Streaming services limit outreach

Lauren Grill, Staff Writer

Awards season has left audiences with watch lists of critically acclaimed TV shows and movies that have taken home Emmys, Oscars and any gold statuette that represents greatness in Hollywood. There’s only one issue—one would need at least eight streaming services to watch all the hits from this awards season. While trying to make media more accessible for audiences, streaming services have done the exact opposite, ending up gatekeeping original content. 

Ever since services such as Netflix, Hulu and Amazon Prime Video started making original content, almost every streaming corporation has followed suit. At the 2019 Emmy Awards, the services HBO, Netflix and Amazon Prime walked away with the most wins, (37, 27 and 15, respectively) as Deadline reports, far ahead of anything on network television. 

The reason so much online content is out there is simple: audiences consume it at insane rates. When shows realized that original content was going to bring in money, they increased licensing prices so it would be harder for Netflix to buy them out. But the company was smarter than that. Enter: the original series. 

Off the bat, original content on streaming services comes across as a cash grab. Netflix plans to spend $13 billion on original content this year because they knew their series would bring in money.  Plus, last year the company released 371 original movies and TV shows, according to Medium. Even if original content is just a ploy for revenue, these shows and movies can mean things to people and create favorites to stay in the audience’s heads long after the credits roll. We wouldn’t have Stranger Things or Fleabag and other critically acclaimed shows if it weren’t for Netflix and Amazon. 

Even more so, streaming services can find new homes for shows that network TV and even other streaming services will not air that mean something to audiences. Take One Day At A Time,–the show focused on the day-to-day lives of a Latinx family, and also shone a light on LGBTQ+, immigrant and veteran’s issues. The show ran for three seasons on Netflix but was cancelled and picked up by another streaming service, Pop Now, for a fourth. Representation matters. When people see themselves on screen, self confidence rises, connections are created and people find something they love. Streaming can help this become a reality. 

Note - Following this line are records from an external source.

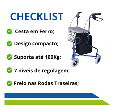 O uso do Andador com 3 rodas, traz independência e liberdade aos idosos que precisam de apoio e estabilidade e auxiliando na sustentação do corpo ao andar ou ao permanecer em pé, sendo possível caminhar sozinho, com acionamento rápido dos freios para cima e caso precise repousar basta acionar o mesmo para baixo.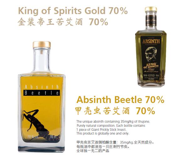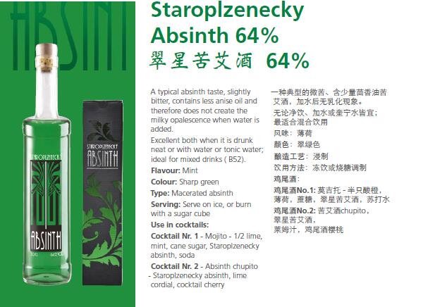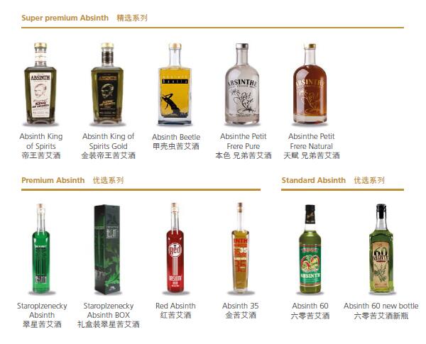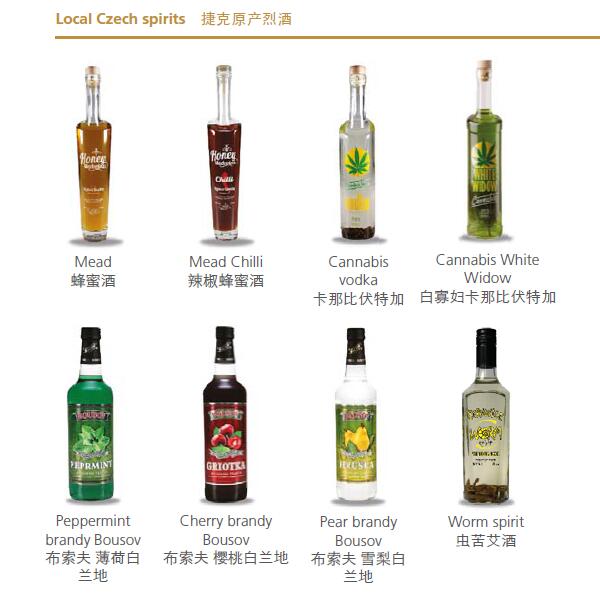 苦艾酒是一種有茴芹茴香味的高酒精度酒,主要原料是茴芹, 茴香及苦艾藥草。此酒芳香濃郁,口感清淡而略帶苦味,并含有45度以上高酒精度。 捷克苦艾酒為綠色,也有黑色,紅色,棕黃色。傳統上苦艾酒瓶裝時是不加糖的,因此,將其歸類為烈酒。傳統裝瓶的苦艾酒酒精度數很高,但飲用前通常使用水進行稀釋。除了苦艾酒,我們也釀造蜂蜜酒和白蘭地。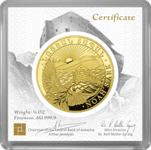 Die LEV-Mint ist die offizielle Prägeanstalt der Arche Noah aus Armenien. Demzufolge ist auch die Arche Noah Goldmünze eine der offiziellen Anlagemünzen als Zahlungsmittel der armenischen Bundesbank. Aus diesem Grund garantiert sogar die Regierung Armeniens das ordnungsgemäße Gewicht, die Feinheit und den Goldgehalt der Münze.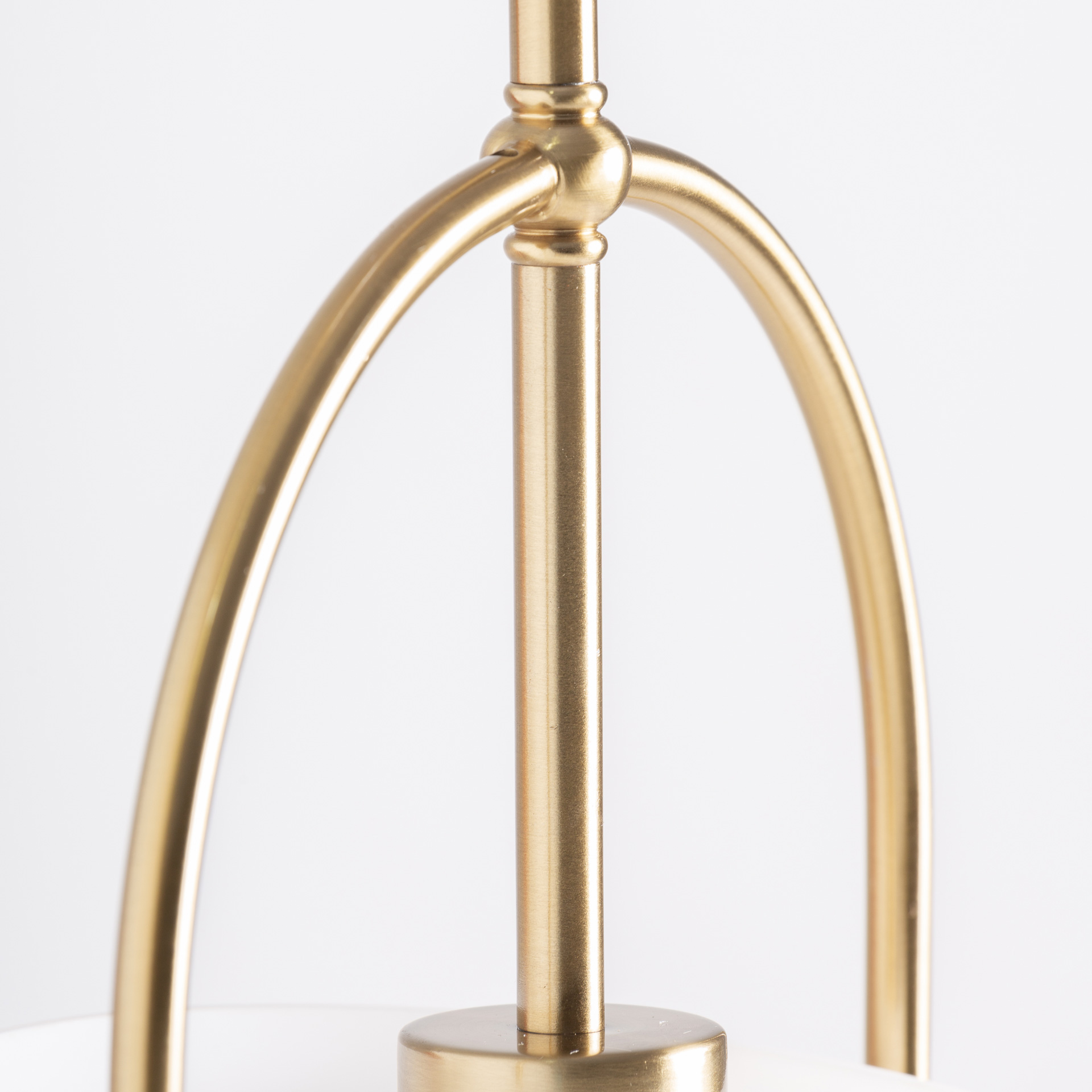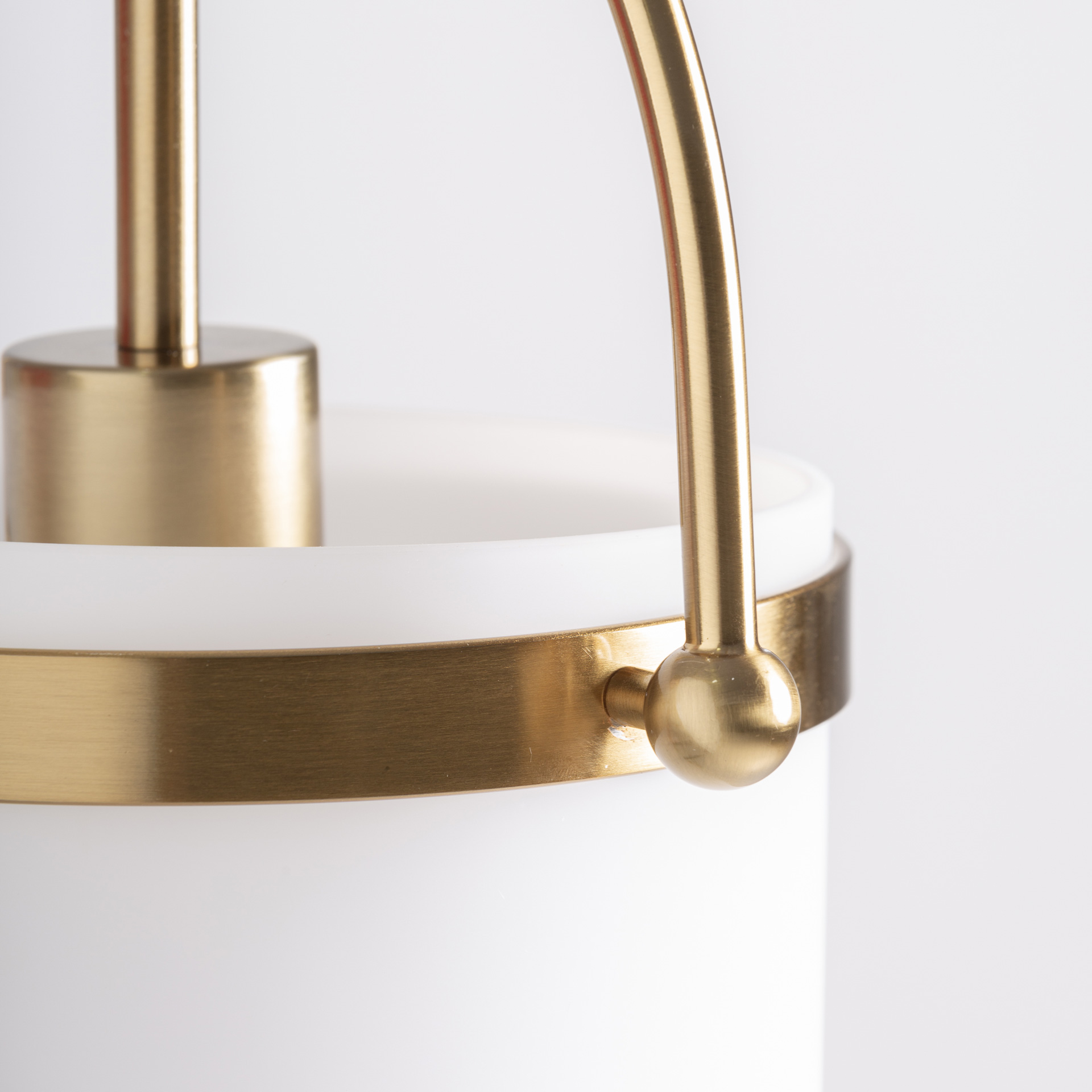 Lámpara de colgar Kihe de estilo art deco fabricado en cristal en color blanco combinado con acero en color oro con acabado viejo. Producto desmontable.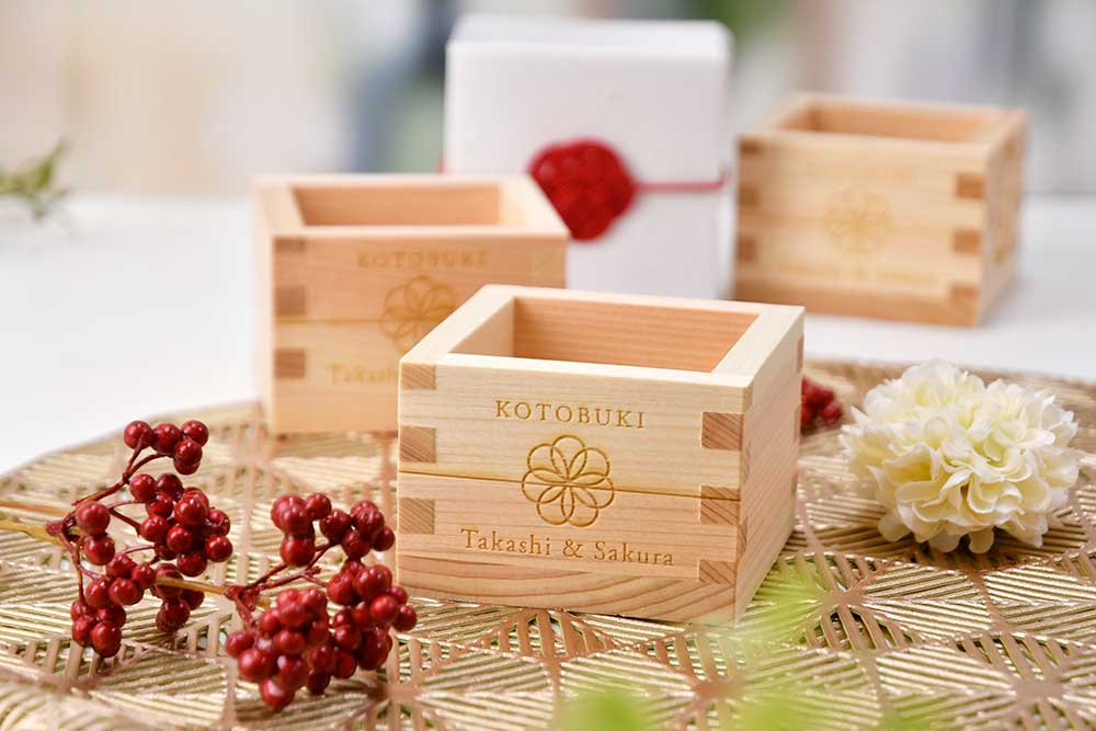 愛が増す、幸せが増す、言葉の響きから縁起がいいと言われている「枡(ます)」のギフト。ご両家が初めて顔をあわせる会の記念の品としてぴったりな縁起物。ちょっとした小物入れや食器として使える実用性も魅力です。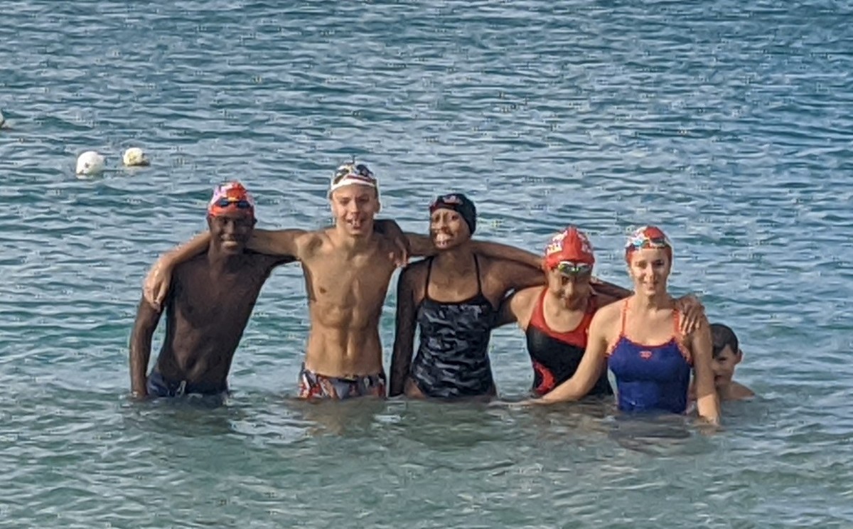 Members of CST's Senior and Age Group 1 groups attended their first open water practice of the year at Divi Little Bay Beach. The session was a tough one, but Brandon, Joey, Arianna, Gigi, Louise, and Simon made their way nicely!

So what’s the catch? As it would seem, the best shows on TV are the ones you have to pay for. To watch everything nominated for prestigious awards just on mainstream services Netflix, Hulu, and Amazon Prime, it would cost nearly $300 ($107.99 per year for Netflix and Amazon each, and $71.88 per year for Hulu). Media should not be gatekept like this, especially when it houses wonderful programs from voices that are usually not heard in the visual arts. Luckily, streaming services Hulu and Showtime have teamed up with Spotify to offer a student discount for anyone enrolled in school. Now students can get all three services for only $4.99 a month. Streaming services are far from perfect, but I can only hope that there will be more initiatives like this that make media more accessible for audiences to enjoy TV.